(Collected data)
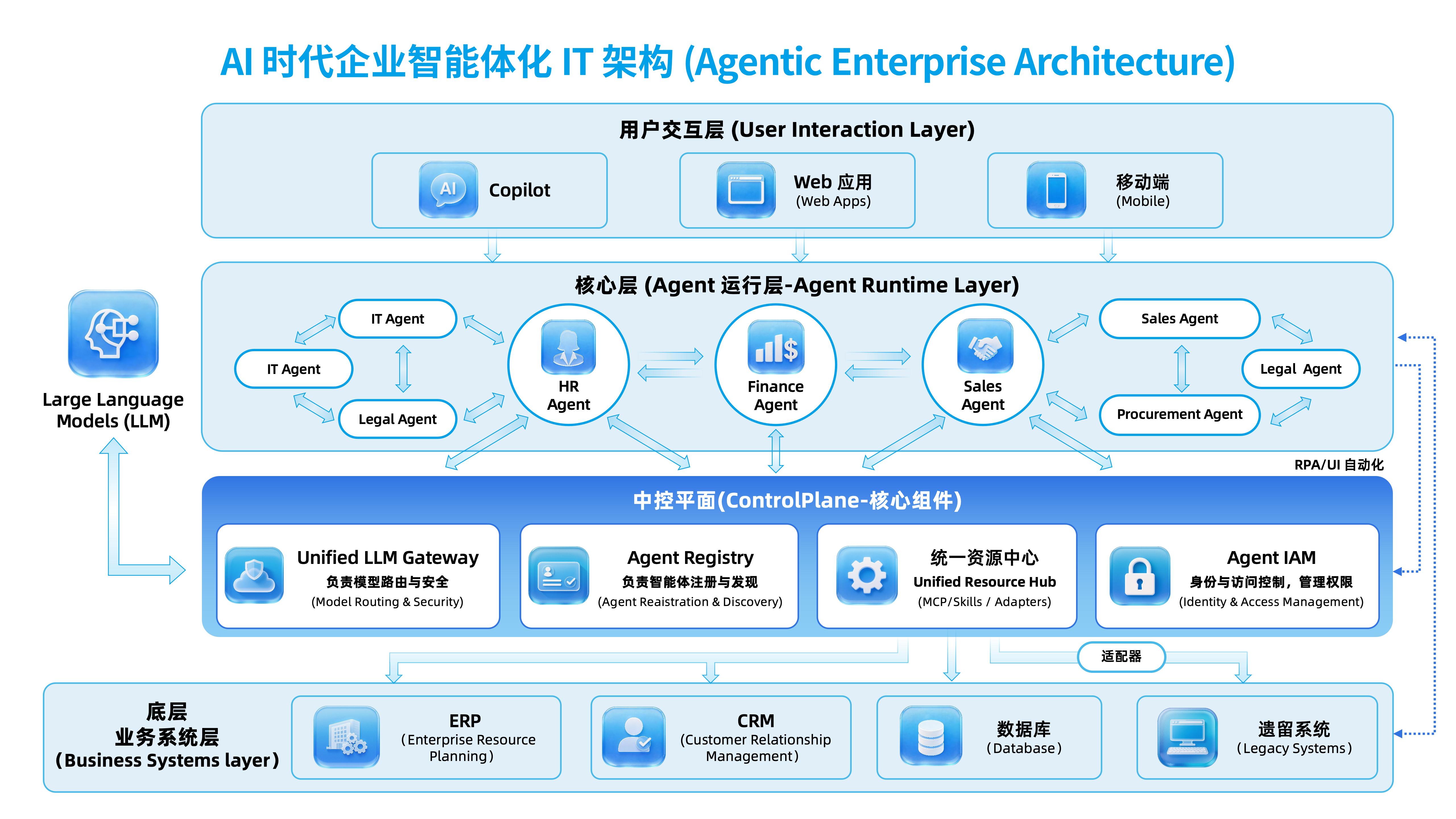 这是架构最剧烈的变化。请注意图中的HR Agent、Finance Agent、Sales Agent——它们不再是孤立的系统,而是一个能够相互协作的智能体网络。
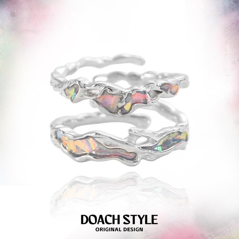Colorful aurora sterling silver ring female niche design cold style high-end sense of opening couple ring new index finger ring
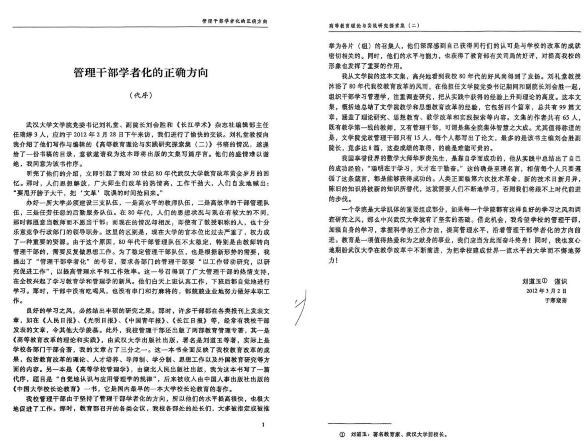 大学毕业留校后,我几乎每年春节去看望老校长,特别是深受他的教诲,在高等教育管理理论及实践探索上有了肤浅的认识,我先后主编二本高等教育管理理论与实践研究论文集,每当结集出版之前就恳请老校长作序,当时他已逾耄耋之年,毫无犹豫的为学生把墨,与其说请老校长做序,实际上是想继续聆听他的谆谆教诲及其富有哲理的传灯!
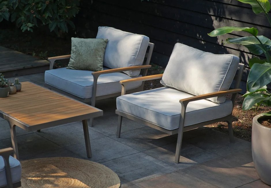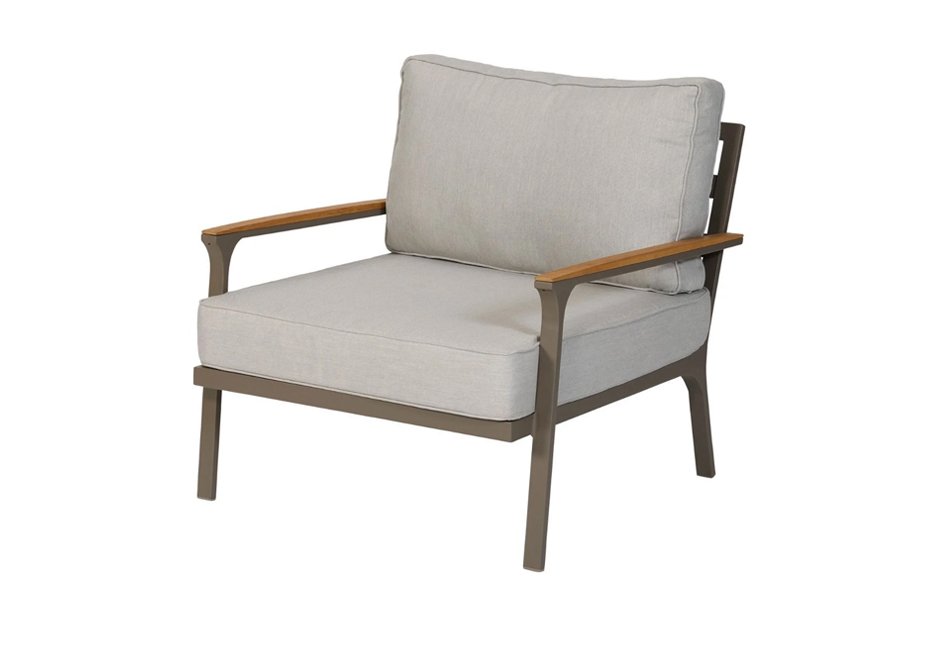 Aluminum armchair with cushion and armrests made of teak wood. Available in dimensions 89x75x82h cm.
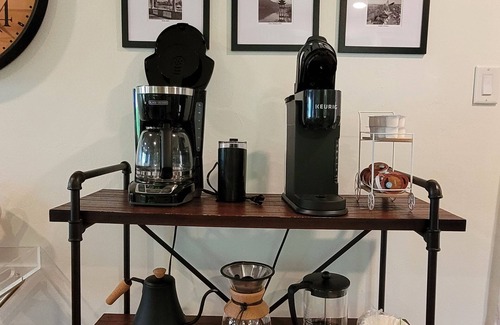 If you are like us and love coffee, you will love our coffee bar! Start with some fresh beans and grind them up. Then, try a traditional drip coffee maker, pour over or Keurig.
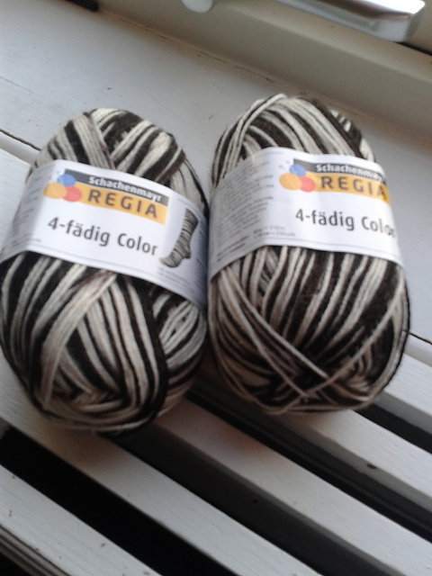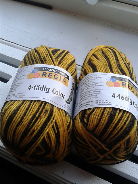 Regia Color 4-ply in the colourways Zebra and Tiger (I think you can guess which is which). My mother claimed the white ones, and the orange ones will be socks for me.
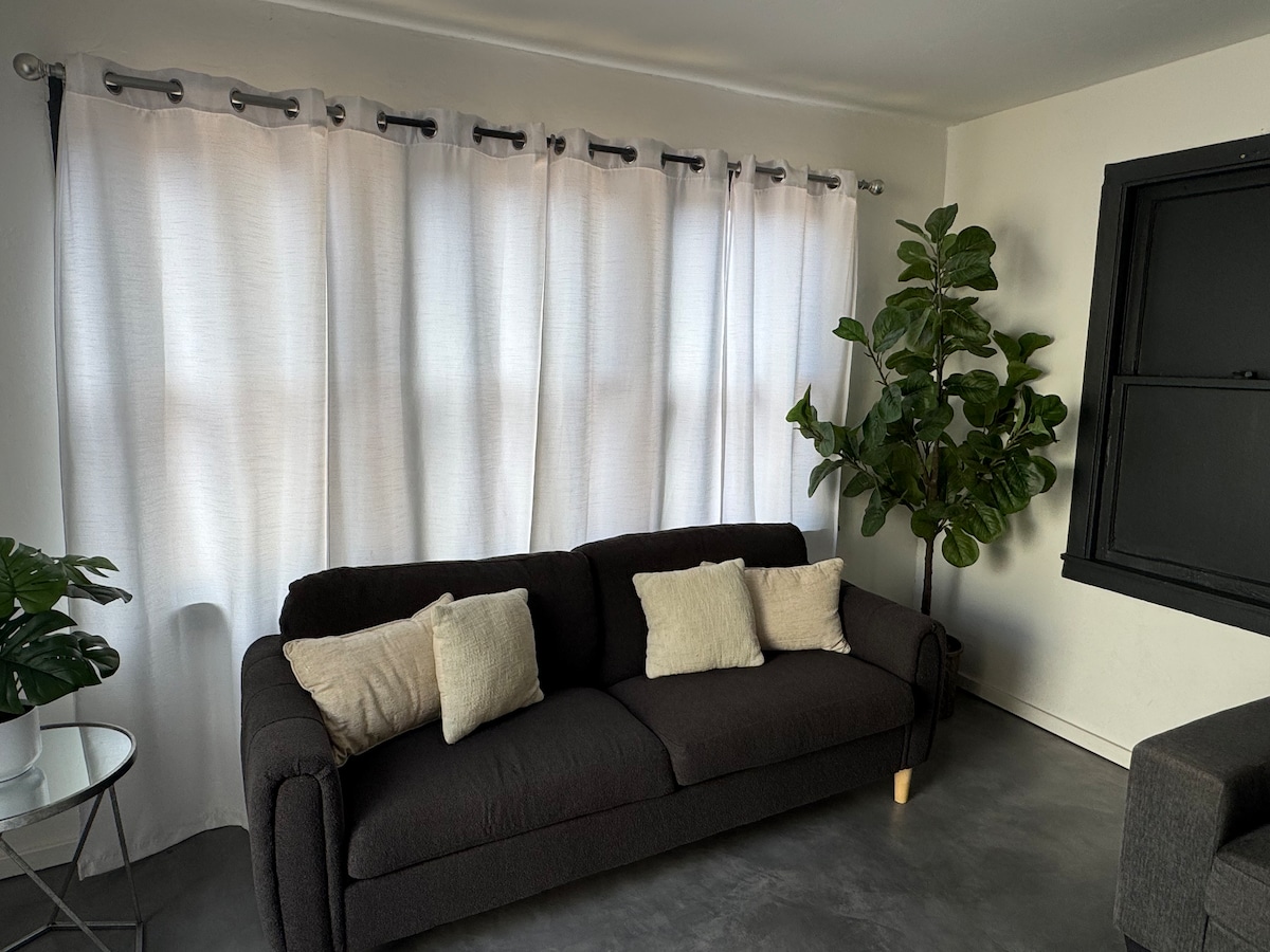 Esta casa se encuentra en el histórico barrio de Hollywood, ¡uno de los barrios más antiguos de Tucson! A 5 minutos del centro de Tucson, a 7 minutos de la universidad, a poca distancia a pie del carril bici del río «Loop» y justo al lado de la I-10 para viajar fácilmente. Esta casita de 350 pies cuadrados es ideal para el minimalista moderno y actúa como una base de operaciones tranquila para tu visita. Wifi 6, TV inteligente, placa de inducción/cocina pequeña y amplio patio trasero están incluidos para que disfrutes de una estancia lo más cómoda posible en nuestra encantadora ciudad.
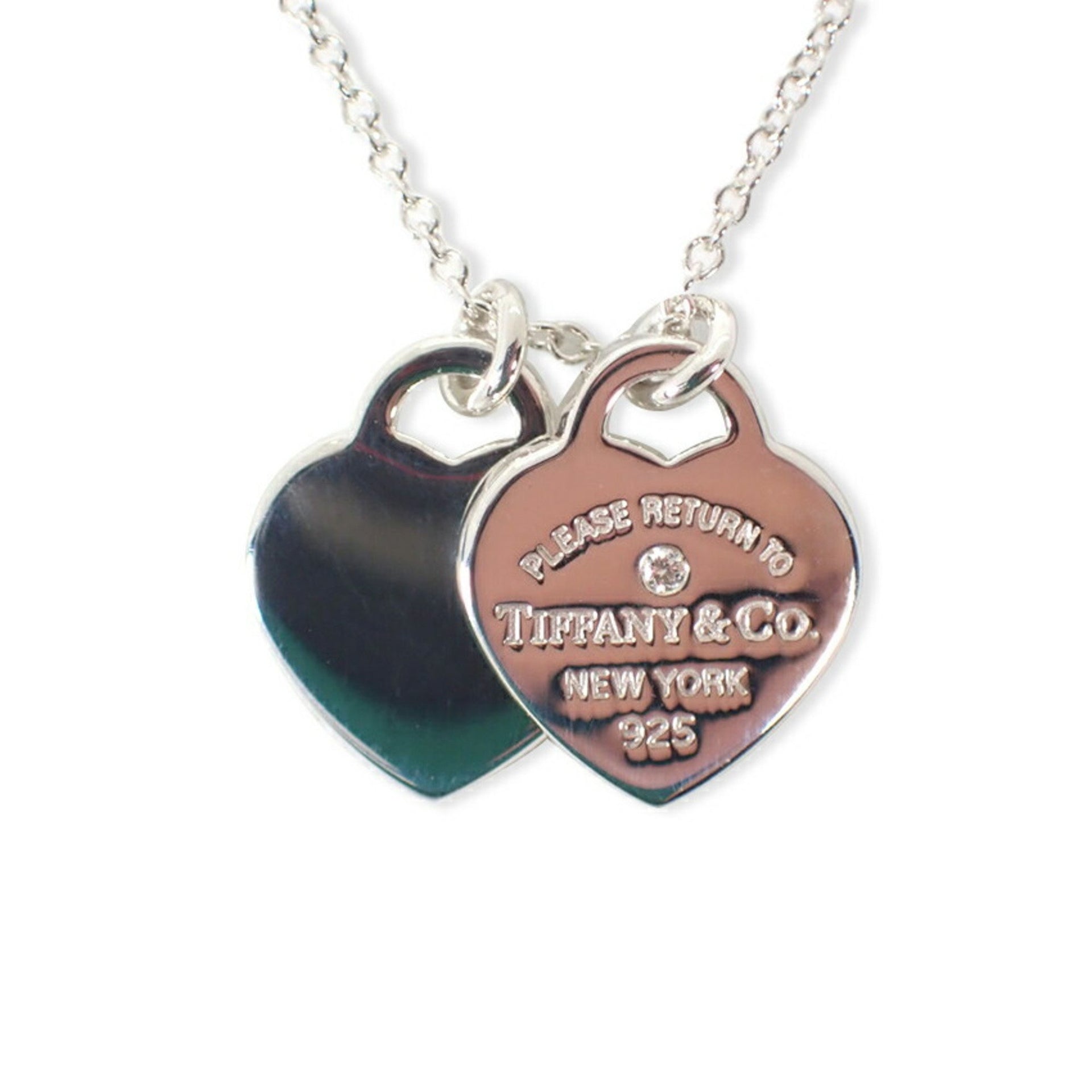 TIFFANY 925 Diamond 1pc Double Heart Pendant
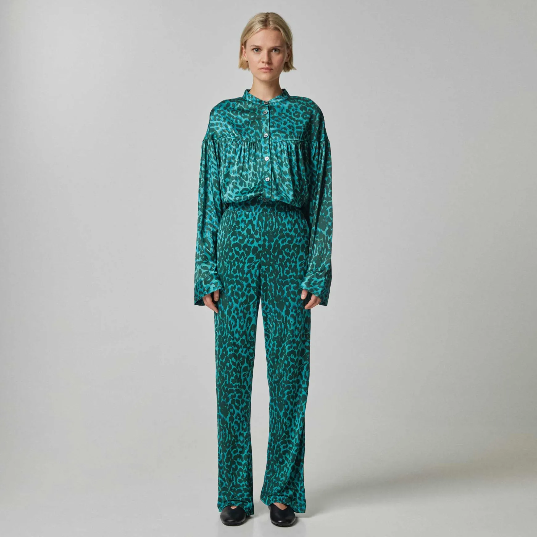 Das Material wird in der Manufaktur in Nepal aus 100% Seidenjersey gestrickt. Anschließend wird der Print im Handsiebdruckverfahren auf der Seide platziert.
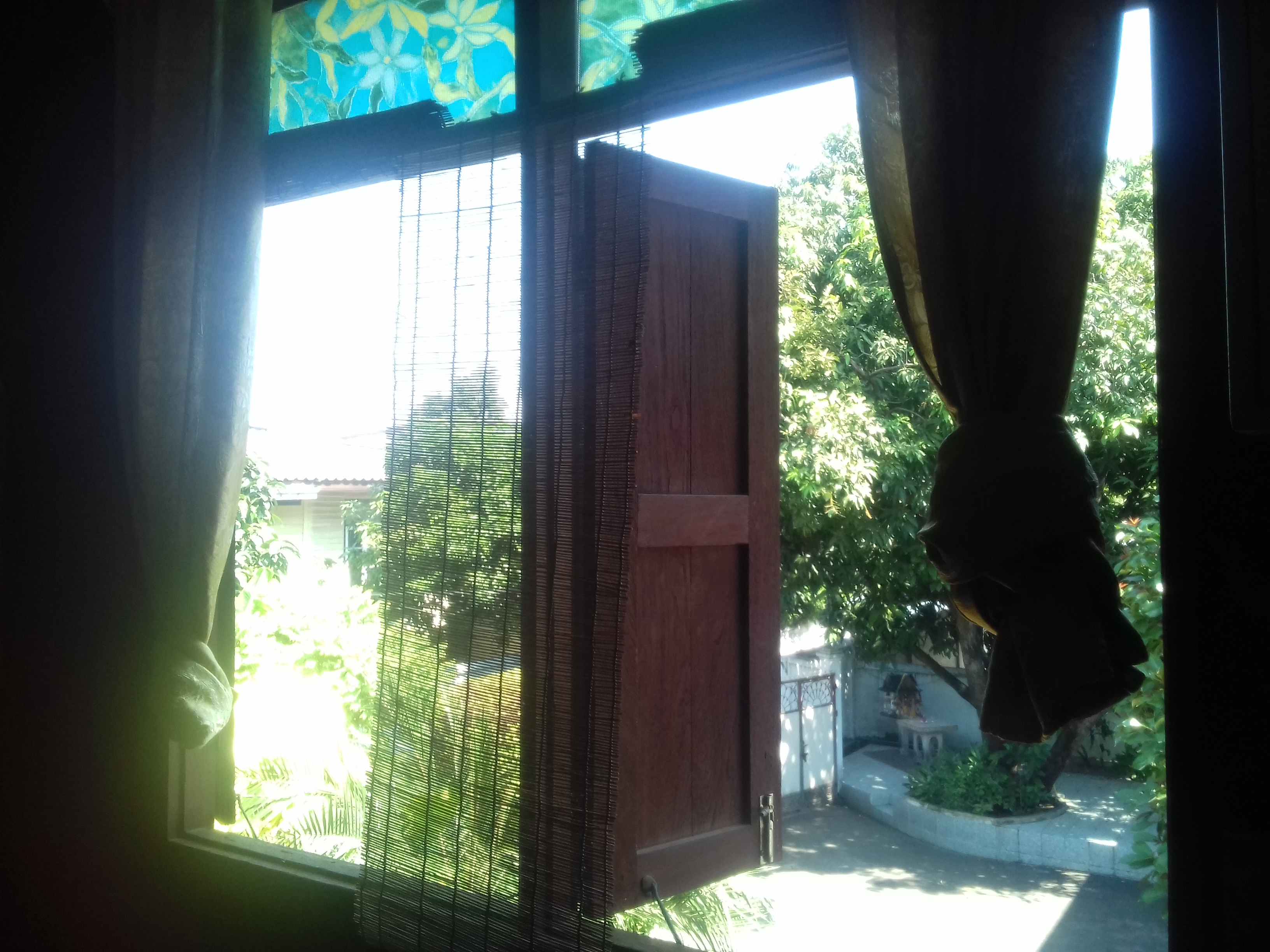 Au coeur de Bangkok, une ville de 8 millions d’habitants, nous sommes au calme, au fond d’une ruelle entourée de jardins d’Eden. Quand on descend de notre chambre, il y a une cour remplie de pots contenant des plantes que nous n’avons jamais vues excepté les papyrus.

PROBLEM REQUIREMENTS:
Your answer should hold every record above, printed exactly and free of pictures.

RESULT OF THIS TASK:
 这是架构最剧烈的变化。请注意图中的HR Agent、Finance Agent、Sales Agent——它们不再是孤立的系统,而是一个能够相互协作的智能体网络。
Colorful aurora sterling silver ring female niche design cold style high-end sense of opening couple ring new index finger ring
 大学毕业留校后,我几乎每年春节去看望老校长,特别是深受他的教诲,在高等教育管理理论及实践探索上有了肤浅的认识,我先后主编二本高等教育管理理论与实践研究论文集,每当结集出版之前就恳请老校长作序,当时他已逾耄耋之年,毫无犹豫的为学生把墨,与其说请老校长做序,实际上是想继续聆听他的谆谆教诲及其富有哲理的传灯!
 Aluminum armchair with cushion and armrests made of teak wood. Available in dimensions 89x75x82h cm.
 If you are like us and love coffee, you will love our coffee bar! Start with some fresh beans and grind them up. Then, try a traditional drip coffee maker, pour over or Keurig.
 Regia Color 4-ply in the colourways Zebra and Tiger (I think you can guess which is which). My mother claimed the white ones, and the orange ones will be socks for me.
 Esta casa se encuentra en el histórico barrio de Hollywood, ¡uno de los barrios más antiguos de Tucson! A 5 minutos del centro de Tucson, a 7 minutos de la universidad, a poca distancia a pie del carril bici del río «Loop» y justo al lado de la I-10 para viajar fácilmente. Esta casita de 350 pies cuadrados es ideal para el minimalista moderno y actúa como una base de operaciones tranquila para tu visita. Wifi 6, TV inteligente, placa de inducción/cocina pequeña y amplio patio trasero están incluidos para que disfrutes de una estancia lo más cómoda posible en nuestra encantadora ciudad.
 TIFFANY 925 Diamond 1pc Double Heart Pendant
 Das Material wird in der Manufaktur in Nepal aus 100% Seidenjersey gestrickt. Anschließend wird der Print im Handsiebdruckverfahren auf der Seide platziert.
 Au coeur de Bangkok, une ville de 8 millions d’habitants, nous sommes au calme, au fond d’une ruelle entourée de jardins d’Eden. Quand on descend de notre chambre, il y a une cour remplie de pots contenant des plantes que nous n’avons jamais vues excepté les papyrus.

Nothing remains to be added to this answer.